Gandhi to Fence Pakistani Border to Deny Arms to Sikhs in Punjab
NEW DELHI — Prime Minister Rajiv Gandhi on Sunday ordered a 330-mile barbed wire fence built along India’s Punjab state border with Pakistan to thwart the flow of arms to Sikh militants, who last week killed at least 111 people, an official said.
Police said three Sikh militants killed the headman of Bhoywal village in Punjab’s Amritsar district late Saturday, bringing to 111 the number of fatalities since March 27. It was the worst week of violence by separatists fighting to create the separate nation of Khalistan in the northern state.

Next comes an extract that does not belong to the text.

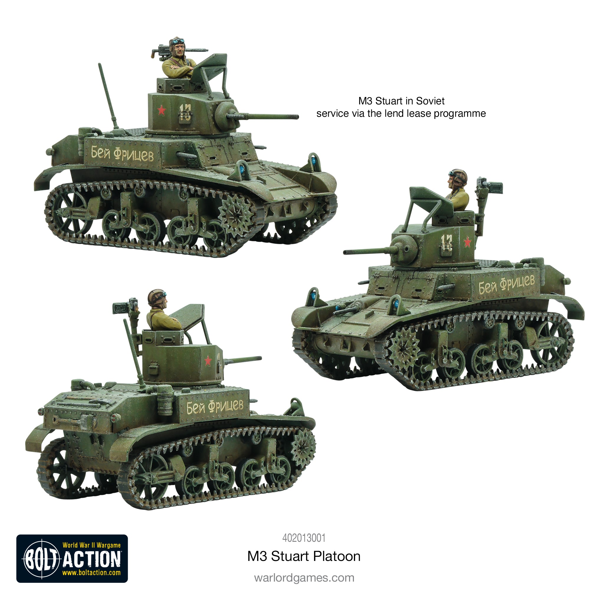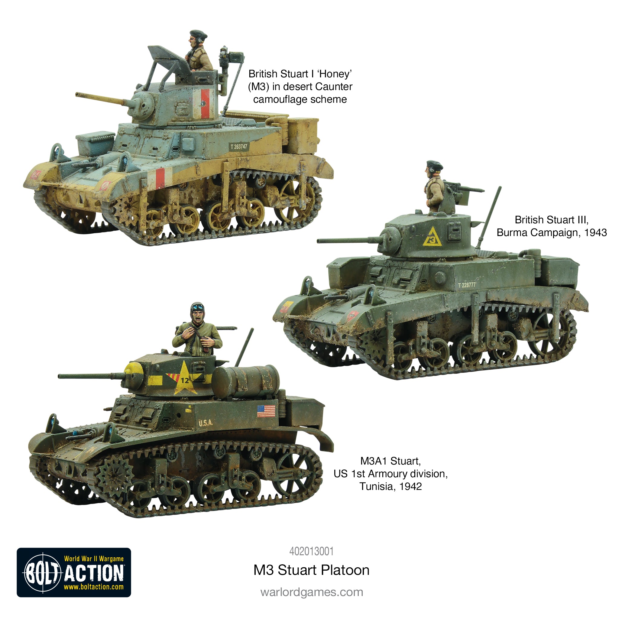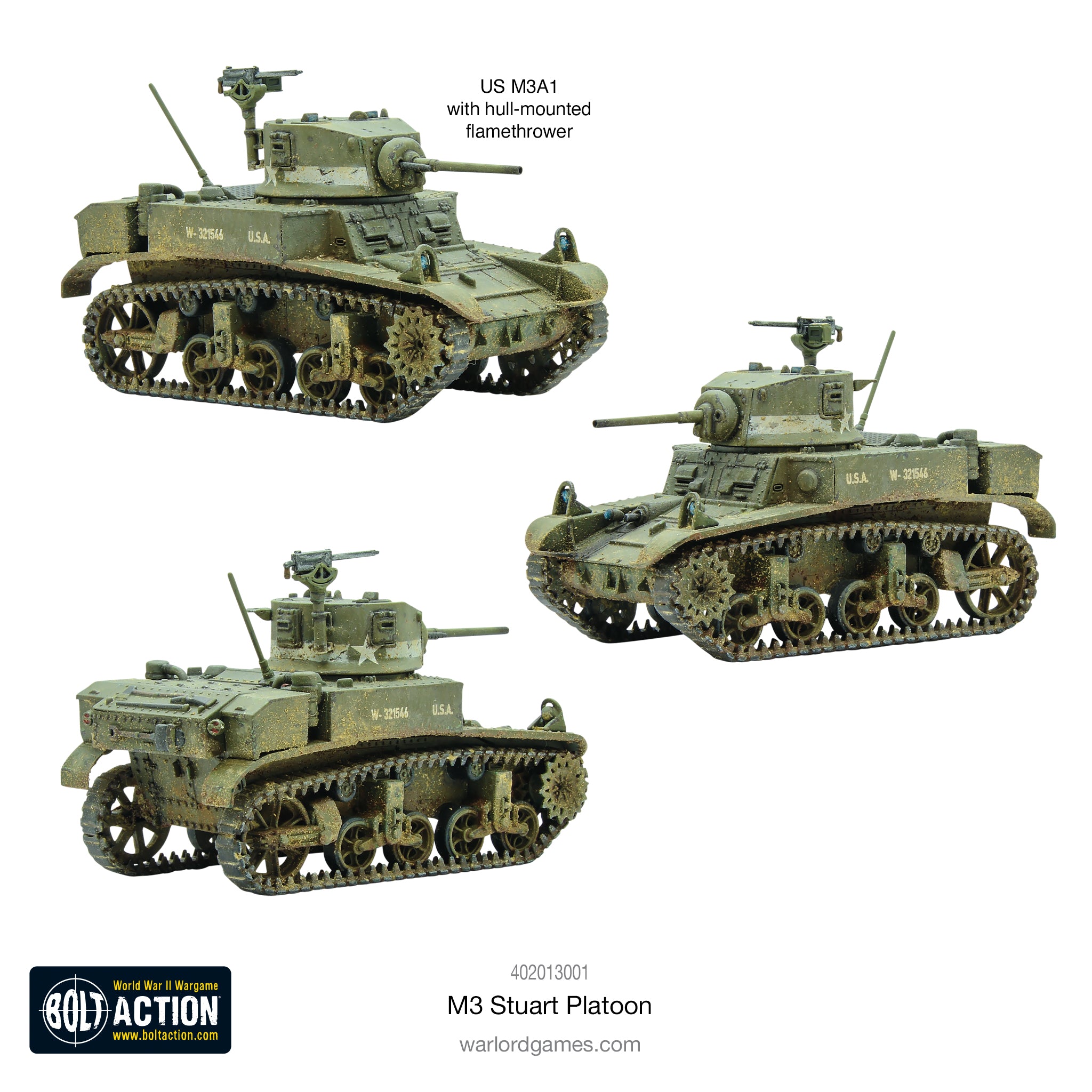 This platoon comprises x3 plastic M3 Light tanks with options to use:

In an emergency meeting beginning late Saturday and ending early Sunday, Gandhi decided to build a barbed wire fence along Punjab’s 330-mile Indo-Pakistani frontier, a government spokesman said. Other border areas would not be affected.
India says that weapons for the Sikh militants flow into Punjab from Pakistan.
‘Obvious Conclusion’
“Where can the weapons come from?” asked government spokesman Ramamoham Rao rhetorically in a telephone interview. “The conclusion is very obvious to me. The route is across the Pakistan border.”
He said the fence will be built “where practicable,” indicating that construction could be hindered in marshy areas of the border zone, which is mostly flat farmland.